StableAnimator: High-Quality Identity-Preserving Human Image Animation

Shuyuan Tu,Zhen Xing,Xintong Han,Zhi-Qi Cheng,Qi Dai,Chong Luo,Zuxuan Wu
2024-11-27
Abstract:Current diffusion models for human image animation struggle to ensure identity (ID) consistency. This paper presents StableAnimator, the first end-to-end ID-preserving video diffusion framework, which synthesizes high-quality videos without any post-processing, conditioned on a reference image and a sequence of poses. Building upon a video diffusion model, StableAnimator contains carefully designed modules for both training and inference striving for identity consistency. In particular, StableAnimator begins by computing image and face embeddings with off-the-shelf extractors, respectively and face embeddings are further refined by interacting with image embeddings using a global content-aware Face Encoder.

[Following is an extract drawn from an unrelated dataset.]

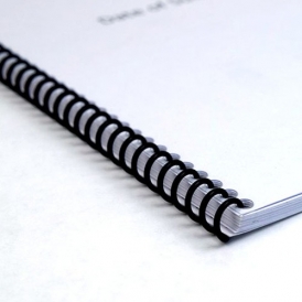 Espiral: capa da frente em PVC translúcido, de trás com PVC Preto, espiral preto ou transparente. Limite de 300 folhas (600 páginas frente e verso).
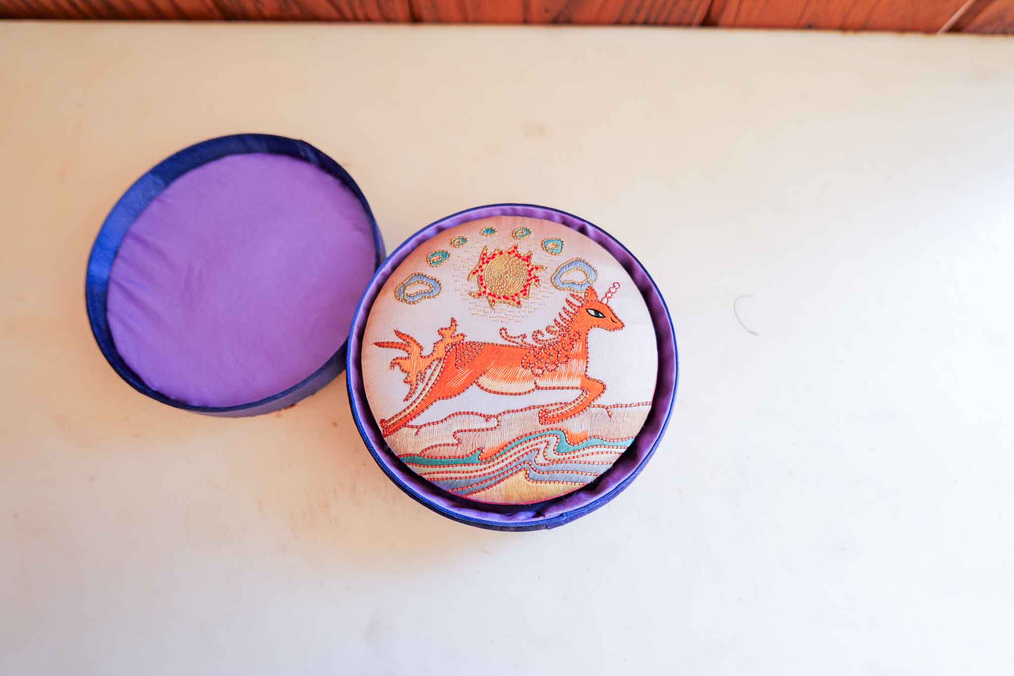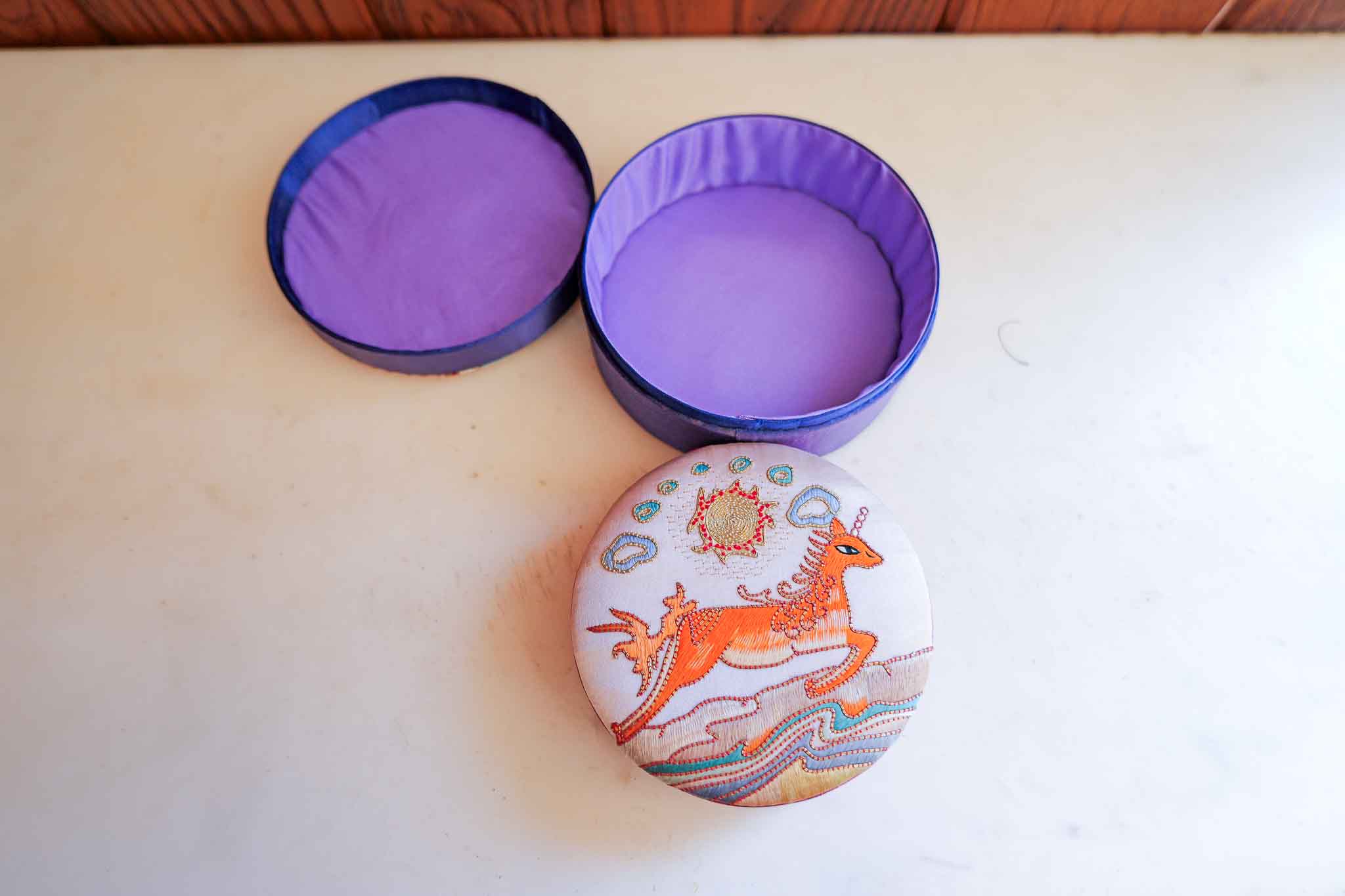 Set of two decorative round storage boxes featuring detailed embroidered lids with a stylized unicorn/deer motif and sun design. The boxes have a satin-like fabric finish with purple sides and soft padded interiors, making them ideal for storing jewelry, keepsakes, or small accessories.

Then, StableAnimator introduces a novel distribution-aware ID Adapter that prevents interference caused by temporal layers while preserving ID via alignment. During inference, we propose a novel Hamilton-Jacobi-Bellman (HJB) equation-based optimization to further enhance the face quality. We demonstrate that solving the HJB equation can be integrated into the diffusion denoising process, and the resulting solution constrains the denoising path and thus benefits ID preservation. Experiments on multiple benchmarks show the effectiveness of StableAnimator both qualitatively and quantitatively.
Computer Vision and Pattern Recognition,Artificial Intelligence
What problem does this paper attempt to address?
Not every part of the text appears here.